Content starts

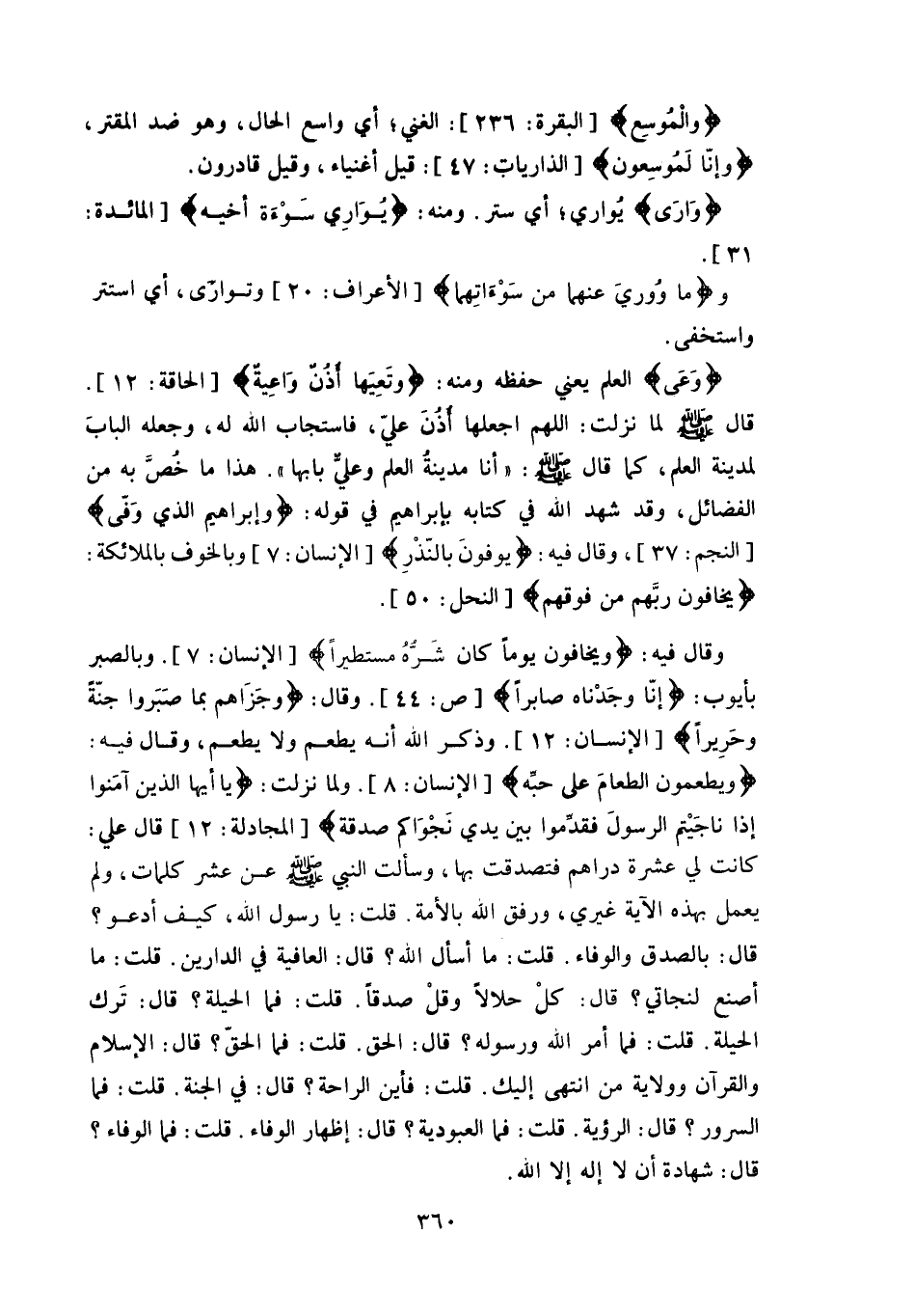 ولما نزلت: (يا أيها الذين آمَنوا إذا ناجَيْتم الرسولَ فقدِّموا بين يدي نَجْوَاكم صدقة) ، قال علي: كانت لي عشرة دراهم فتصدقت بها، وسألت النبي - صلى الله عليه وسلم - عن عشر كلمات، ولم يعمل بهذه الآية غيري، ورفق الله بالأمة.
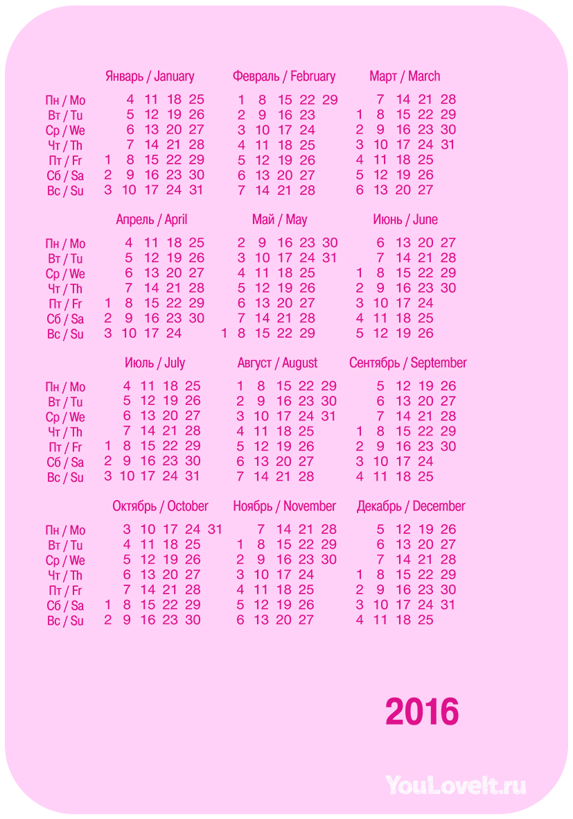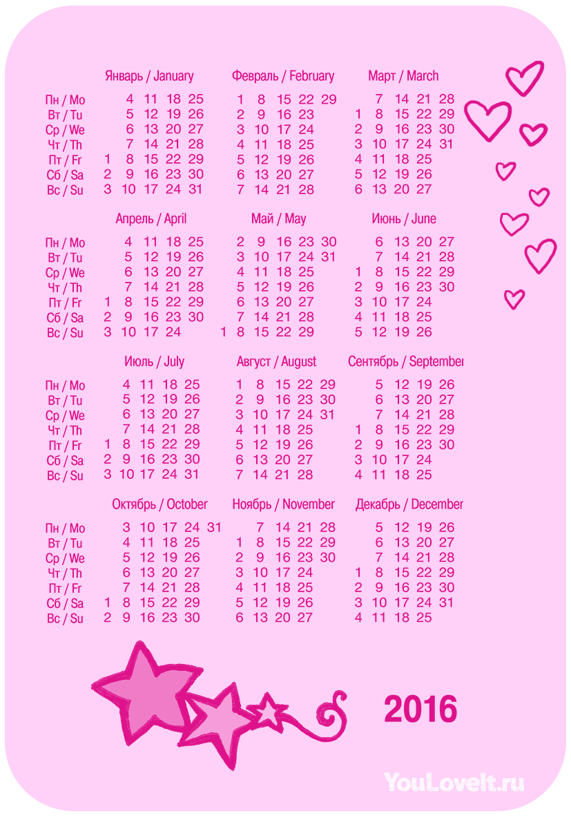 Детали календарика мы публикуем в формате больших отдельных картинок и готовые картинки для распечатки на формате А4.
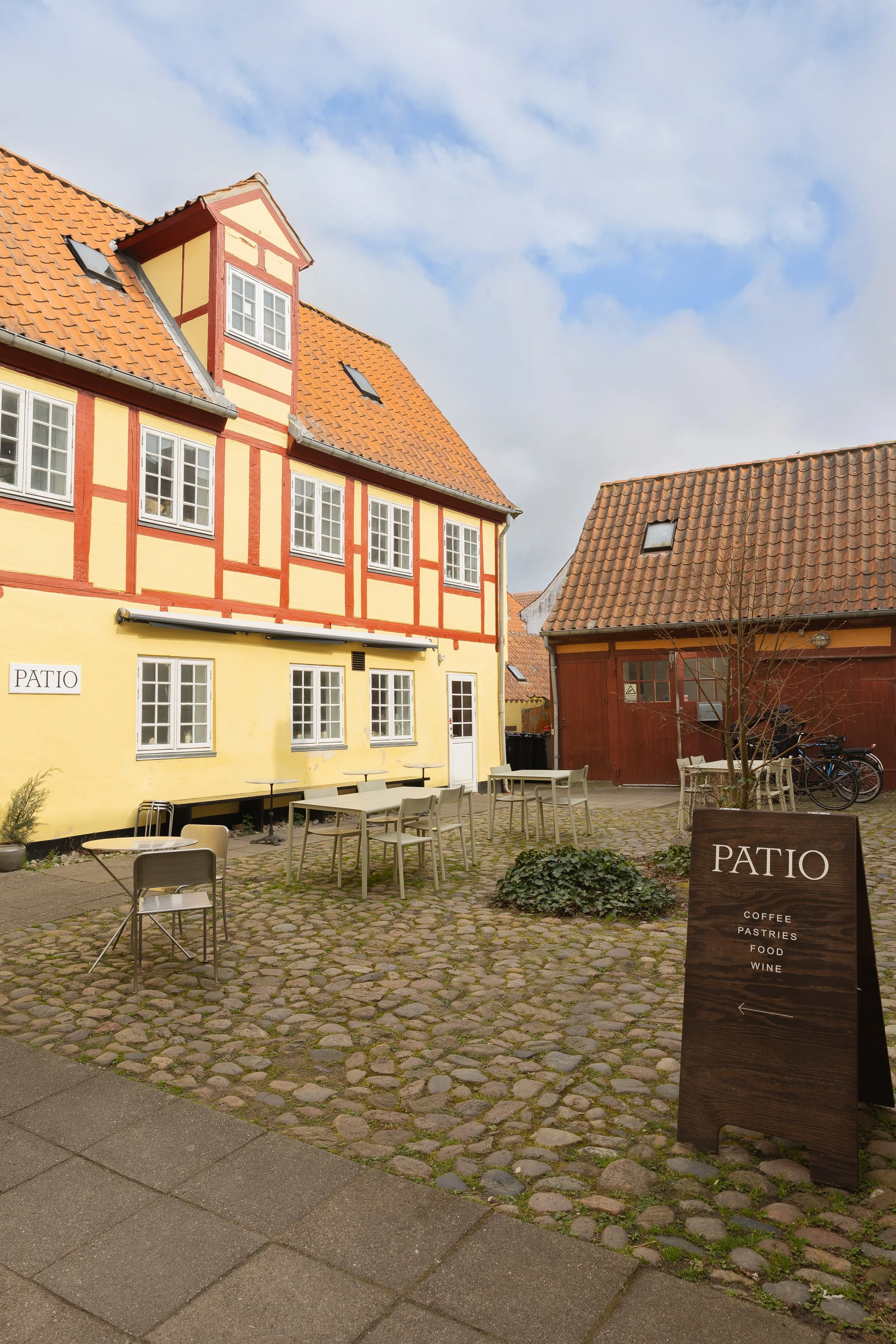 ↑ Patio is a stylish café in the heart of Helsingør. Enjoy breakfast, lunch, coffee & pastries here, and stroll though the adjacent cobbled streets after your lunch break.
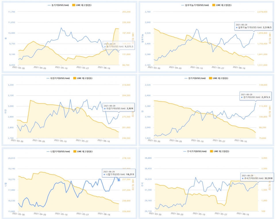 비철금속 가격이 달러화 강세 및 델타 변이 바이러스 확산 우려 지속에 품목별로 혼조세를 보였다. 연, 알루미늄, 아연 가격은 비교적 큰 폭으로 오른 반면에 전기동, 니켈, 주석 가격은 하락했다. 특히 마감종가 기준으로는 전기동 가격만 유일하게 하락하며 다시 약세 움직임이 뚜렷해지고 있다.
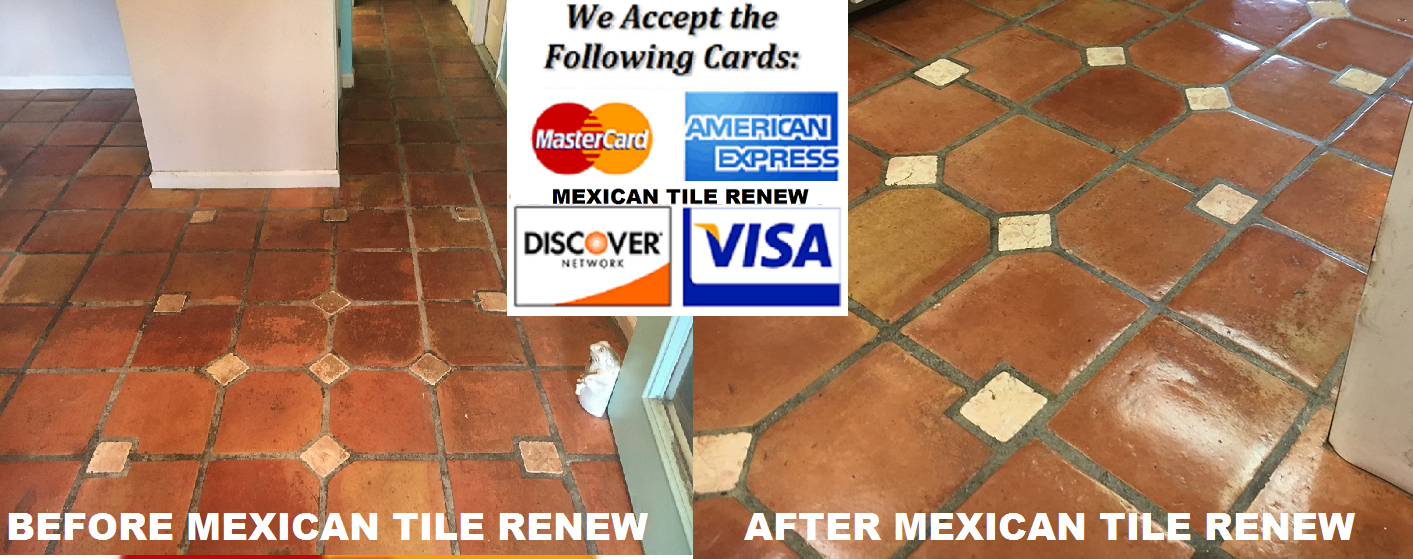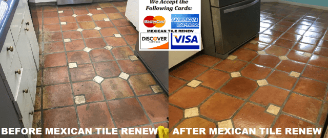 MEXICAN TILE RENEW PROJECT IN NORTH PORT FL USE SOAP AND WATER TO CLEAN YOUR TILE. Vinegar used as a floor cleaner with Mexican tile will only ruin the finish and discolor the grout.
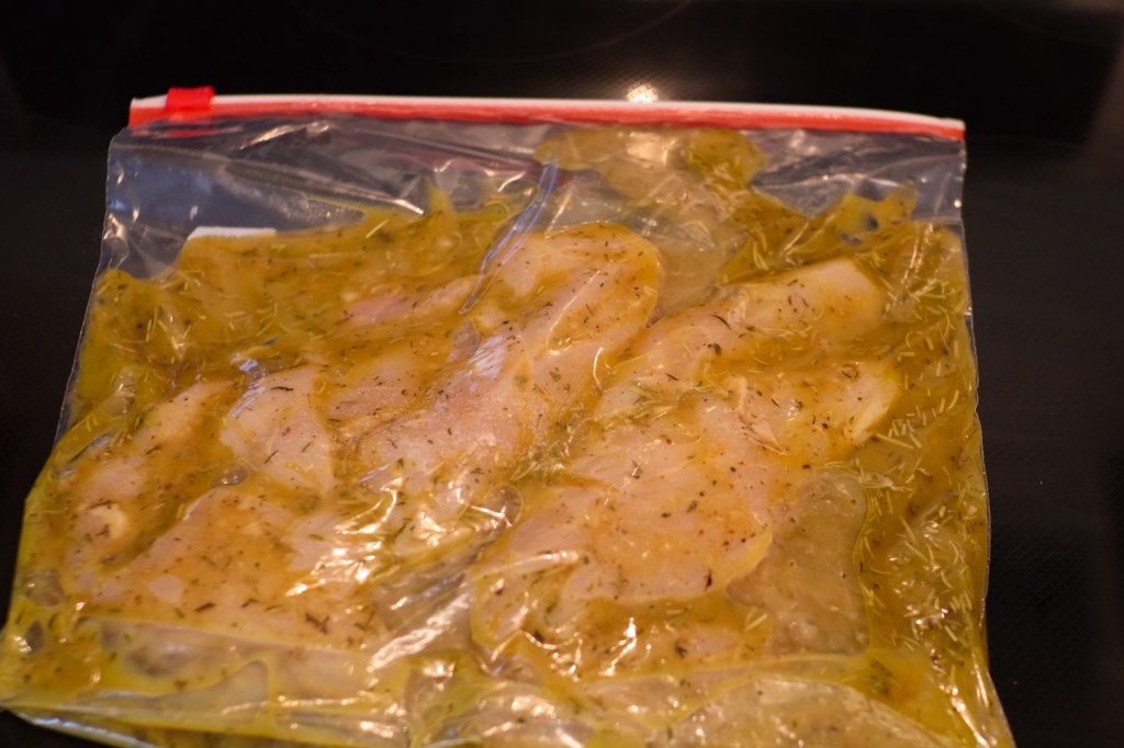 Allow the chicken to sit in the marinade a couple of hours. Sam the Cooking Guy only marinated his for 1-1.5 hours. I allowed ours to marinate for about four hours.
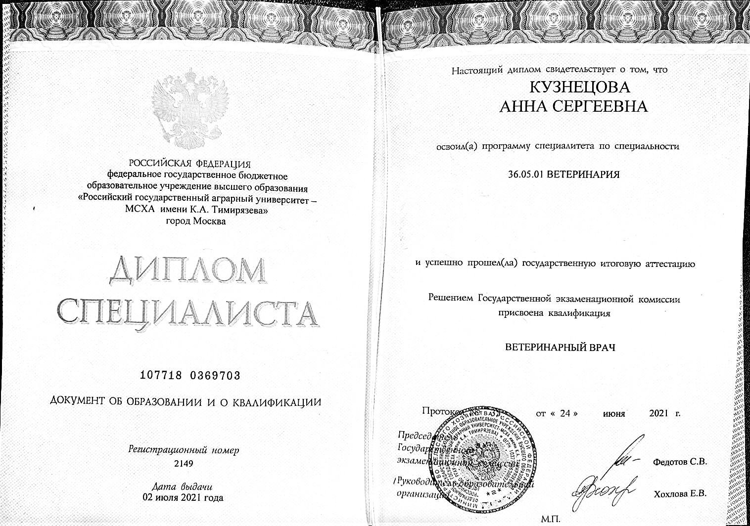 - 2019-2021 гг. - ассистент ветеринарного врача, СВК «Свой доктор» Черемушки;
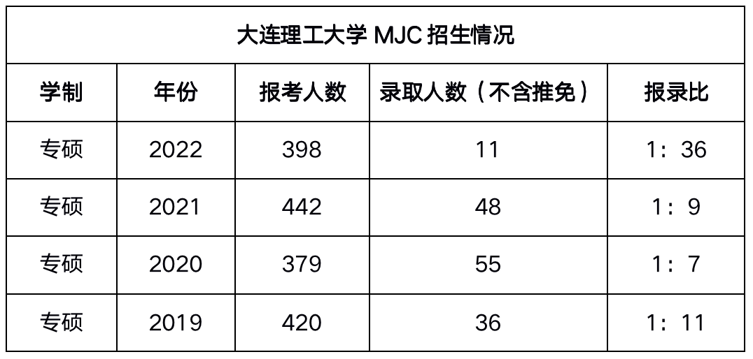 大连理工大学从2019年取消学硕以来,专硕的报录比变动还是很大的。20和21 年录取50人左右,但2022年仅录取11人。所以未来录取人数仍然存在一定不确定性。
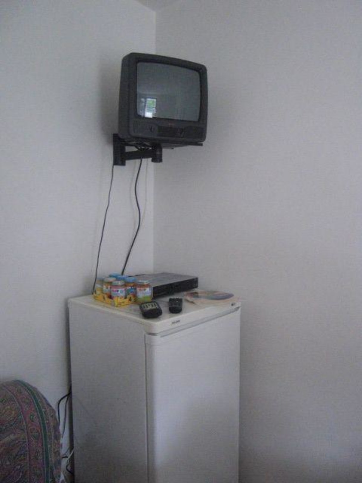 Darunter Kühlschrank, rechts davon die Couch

Content ends

All that is needed is the exact run of lines from the start of the material above through the one containing "your lunch break.", pictures left out.

 ولما نزلت: (يا أيها الذين آمَنوا إذا ناجَيْتم الرسولَ فقدِّموا بين يدي نَجْوَاكم صدقة) ، قال علي: كانت لي عشرة دراهم فتصدقت بها، وسألت النبي - صلى الله عليه وسلم - عن عشر كلمات، ولم يعمل بهذه الآية غيري، ورفق الله بالأمة.
 Детали календарика мы публикуем в формате больших отдельных картинок и готовые картинки для распечатки на формате А4.
 ↑ Patio is a stylish café in the heart of Helsingør. Enjoy breakfast, lunch, coffee & pastries here, and stroll though the adjacent cobbled streets after your lunch break.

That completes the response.